The PS Ruby was built in 1907 at Morgan, South Australia by David Low Milne at the request of Captain Hugh King. This Ruby was a replacement for the Paddle Steamer Ruby built in 1876, which had been modified several times and had sunk twice before having her engine removed in 1908 (subsequently being renamed the Barge Radia).

The Ruby left on her maiden voyage from Morgan, South Australia on 1 March 1908, arriving at Renmark on the morning of Saturday, 8 March 1908. She arrived towing barges Emerald and Pearl, carrying a total of over 80 tons of cargo. Australia's Governor-General Lord Northcote travelled on board the Ruby in July 1908, arriving at Renmark before continuing to Wentworth and arriving on 16 July.

The Gem Navigation Company was formed toward the end of 1909, and though she operated alongside vessels of this company, the PS Ruby was not formally placed under ownership of this group until 1914. During this year, the PS Ruby, PS Gem, PS Ellen, and PS Marion operated alongside each other between Morgan and Mildura. The Gem Navigation Company amalgamated with four other riverboat companies in 1919 to create Murray Shipping Limited.

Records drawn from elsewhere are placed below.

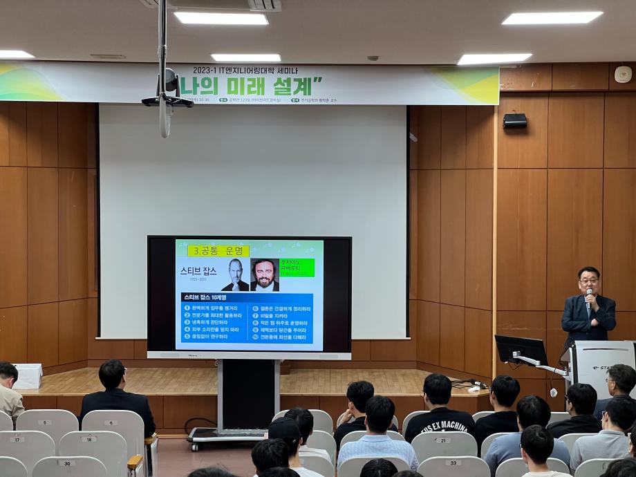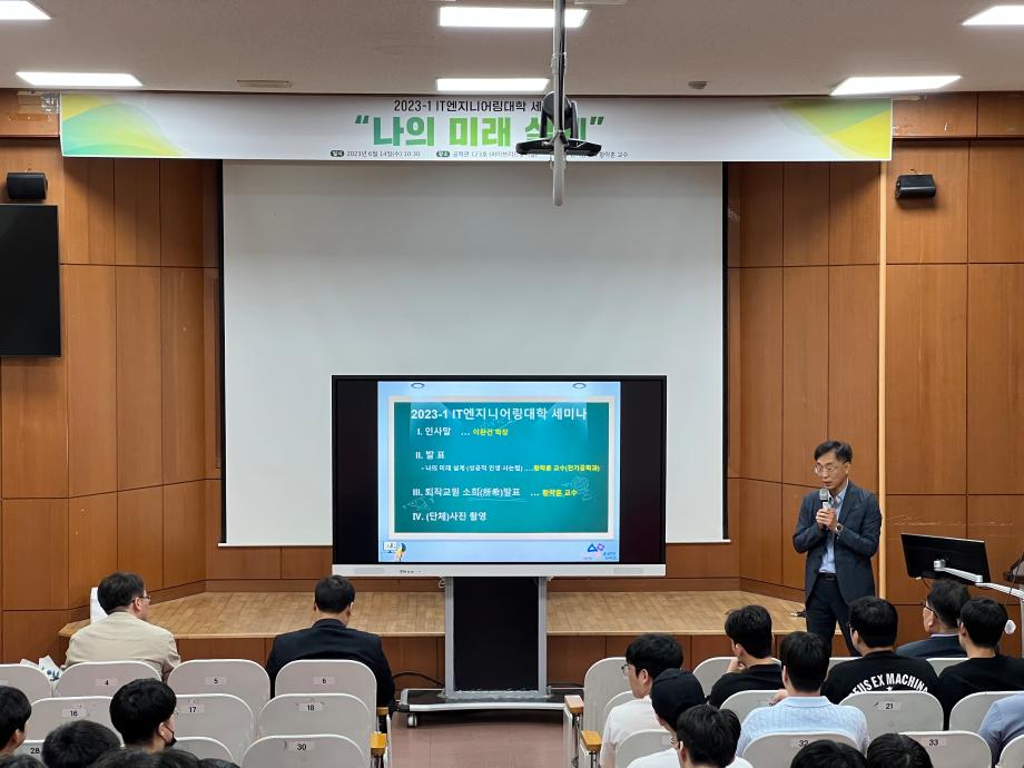 본문 시작 홈으로 커뮤니티 대학소개 학과소개 입학안내 커뮤니티 홈페이지가이드 포토갤러리 대학소식 학과소식 자료실 포토갤러리 포토갤러리 페이스북 트위터 프린트 2023-1학기 학생과 함께하는 세미나 개최 IT엔지니어링대학 2619 2023-06-15 IT엔지니어링대학에서는 재학생들의 학습역량 강화 및 대학 생활 만족도 제고를 위하여 '학생과 함께하는 세미나'를 2023년 6월 14일(수) 공학관 123호에서 개최하였다. 이번 세미나는 '나의 미래 설계 (성공하는 삶을 위하여)' 주제로 황락훈(전기공학과) 교수님이 발표를 하였으며, 학생들에게 경험담과 앞으로의 미래 사회에서 공과대학 학생으로서의 비전을 알 수 있는 좋은 시간이 되 목록 이전제1회 청소년 창의융합(AI-STEAM)행사 참여 다음 2023-1학기 학생과 함께하는 세미나 개최 담당부서 : AI융합대학 담당자 : - 연락처 : 043-649-7422 최종수정일 : 2024-10-26 만족도조사 만족도 조사 이 페이지에서 제공하는 정보에 대하여 만족하시나요? 매우만족 만족 보통 불만족 매우불만족
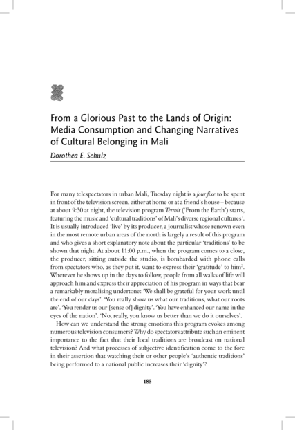 "This article explored the particular version of ‘national culture’ that emerged in Mali’s post-independent history at the interface of a governmental politics of culture and communication, media technologies, and people’s media engagement. I argued that the dialectical production of ‘the past’ as a source of cultural identity and nationalist pride was gradually transformed under the subsequent regimes of postcolonial Mali. Central parameters of claiming and validating one’s past have changed, along with a shift in significance (and employment) of ‘the past’. In previous decades, ‘remembering the past’ formed part of a hegemonic quest for a national heritage and an all-encompassing collective identity that tended to silence internal difference. This representation of national culture contrasts with more recent governmental attempts to create a sense of national unity not by reference to a common past but by acknowledging cultural diversity and celebrating the nation state’s capacity to ease out the tensions arising from internal difference. What conclusions can we draw from the shift from mass-mediated celebrations of oral traditions identified with practices of remembering an ‘authentic’ past to the staging of‘cultural diversity’ on state television? In what sense is this shift indicative of how individuals and groups need to frame and pursue their citizenship entitlements under current political conditions shaped by the effects of multiparty ‘democracy’?" (Conclusion, page 206)
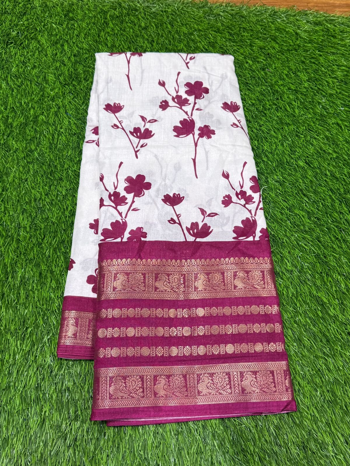 Binny Semi Silk Saree – Whiteberry – White with Violet
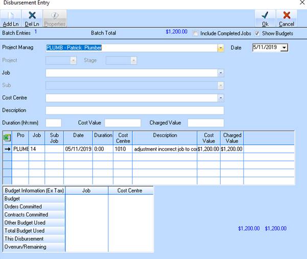 3. Select the Job and Cost for correct job, enter a description, 0 in duration, Positive value in Cost and same value in Charged
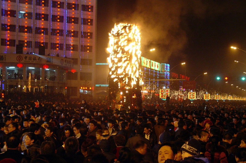 2011年正月十五期间,观看旺火的盛况 |
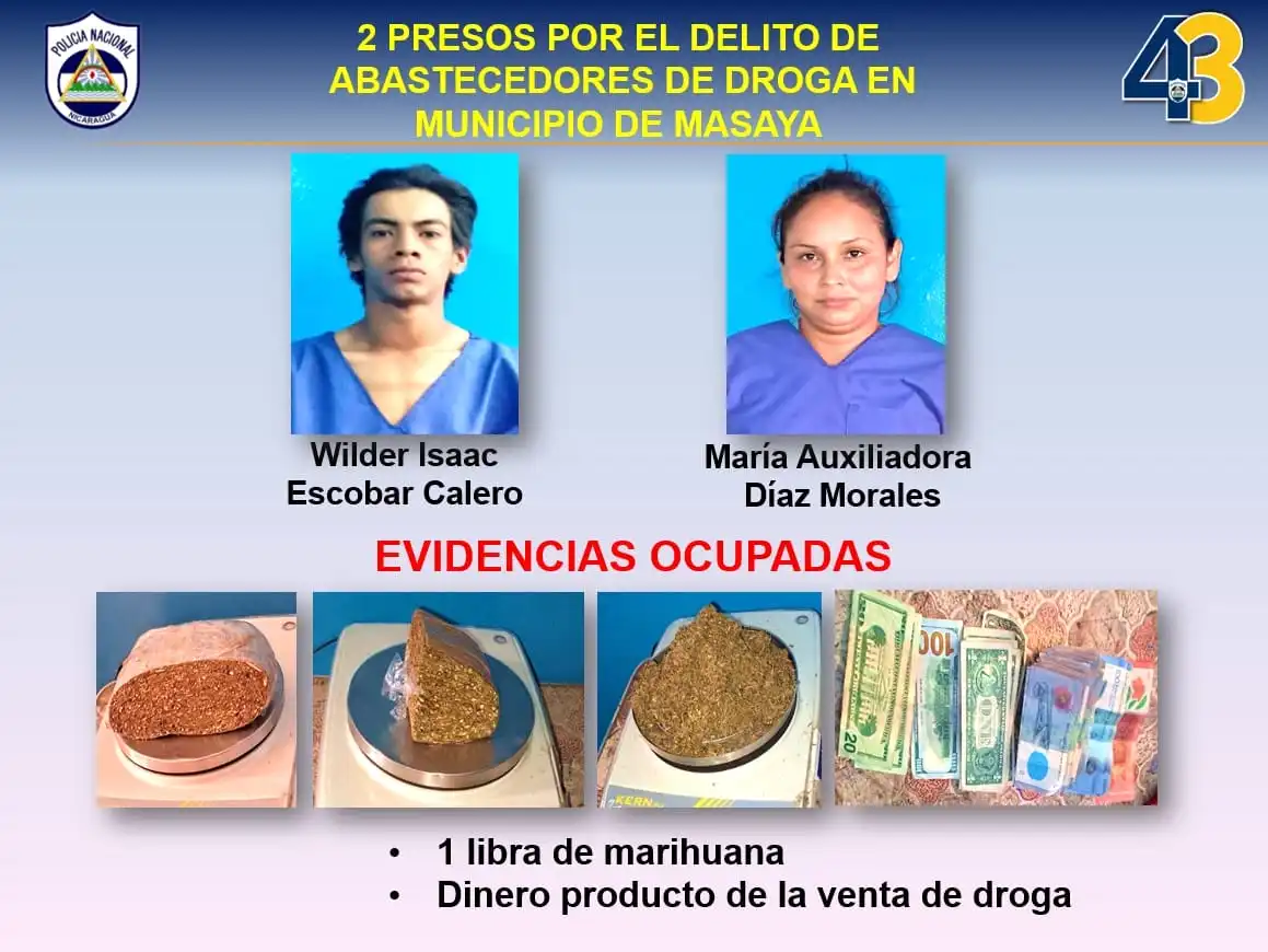 En el departamento de Masaya, la Policía también metió presos a Wilder Isaac Escobar Calero y María Auxiliadora Díaz Morales, a quienes les ocuparon una libra de marihuana y dinero producto de la venta de drogas.

The PS Ruby ran aground in 1921 when, upstream of Swan Hill during a high river, a deckhand under the direction of Capt. G Alexander mistook saplings upon a nearby levee bank as the bank of the river, leading the Ruby over the levee onto the ground, causing the vessel to stop. The Ruby remained stationary for 12 days, costing the Murray Shipping Company almost £2000, and requiring the assistance of six other riverboats to return her to the river.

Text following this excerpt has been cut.